ABOUT THIS TASK: From the records that follow, return exactly the lines beginning at the one that contains "用于高性能低VOC防護涂料的可持續(xù)發(fā)展CNSL稀釋劑" and ending at the one that contains "Pri známkovaní sa", pictures left out.

SUPPLIED RECORDS:
___
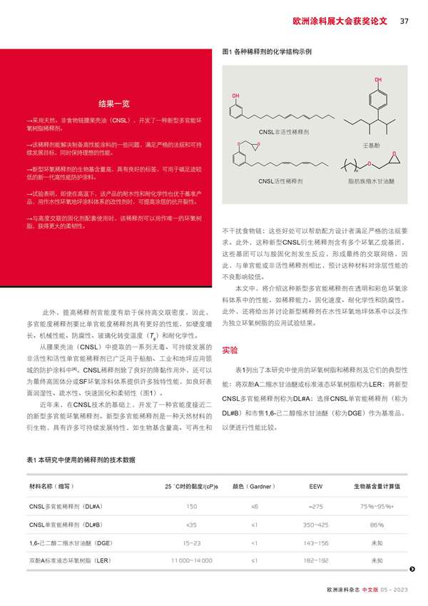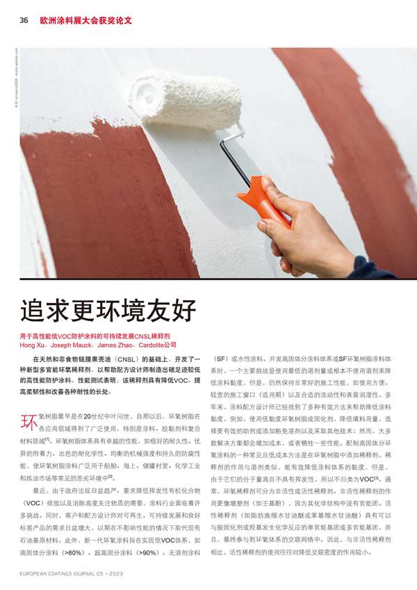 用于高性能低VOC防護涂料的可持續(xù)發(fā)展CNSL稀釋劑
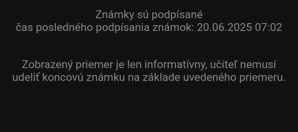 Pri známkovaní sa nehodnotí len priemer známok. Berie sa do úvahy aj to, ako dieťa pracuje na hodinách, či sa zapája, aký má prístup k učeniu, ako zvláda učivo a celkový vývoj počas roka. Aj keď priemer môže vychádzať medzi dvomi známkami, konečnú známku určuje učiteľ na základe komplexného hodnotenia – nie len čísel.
___
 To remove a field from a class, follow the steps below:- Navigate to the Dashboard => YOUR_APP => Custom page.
___
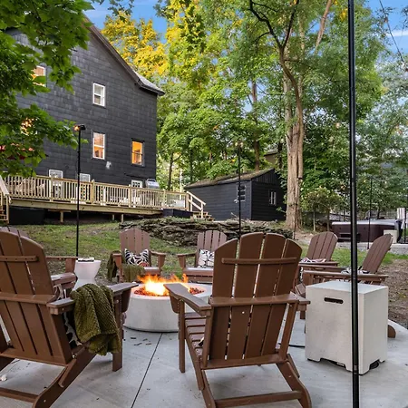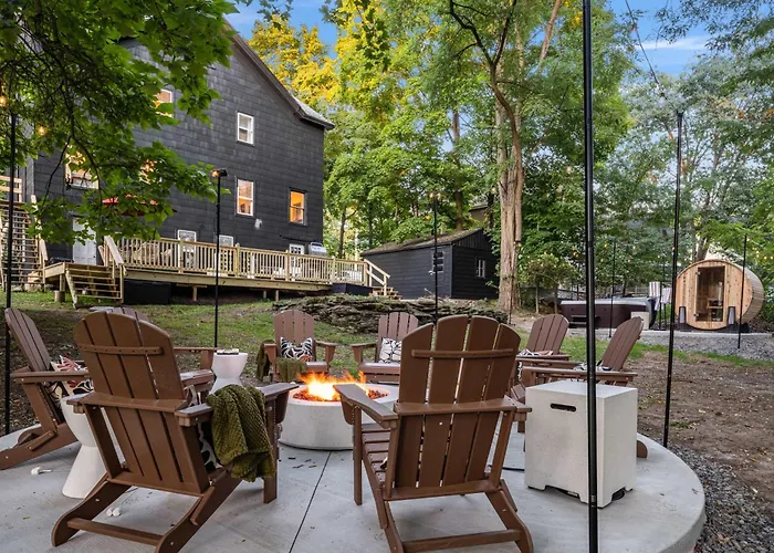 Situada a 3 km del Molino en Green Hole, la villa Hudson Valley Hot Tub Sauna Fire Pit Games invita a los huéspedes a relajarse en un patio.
___
EXPECTED OUTPUT:
 用于高性能低VOC防護涂料的可持續(xù)發(fā)展CNSL稀釋劑
 Pri známkovaní sa nehodnotí len priemer známok. Berie sa do úvahy aj to, ako dieťa pracuje na hodinách, či sa zapája, aký má prístup k učeniu, ako zvláda učivo a celkový vývoj počas roka. Aj keď priemer môže vychádzať medzi dvomi známkami, konečnú známku určuje učiteľ na základe komplexného hodnotenia – nie len čísel.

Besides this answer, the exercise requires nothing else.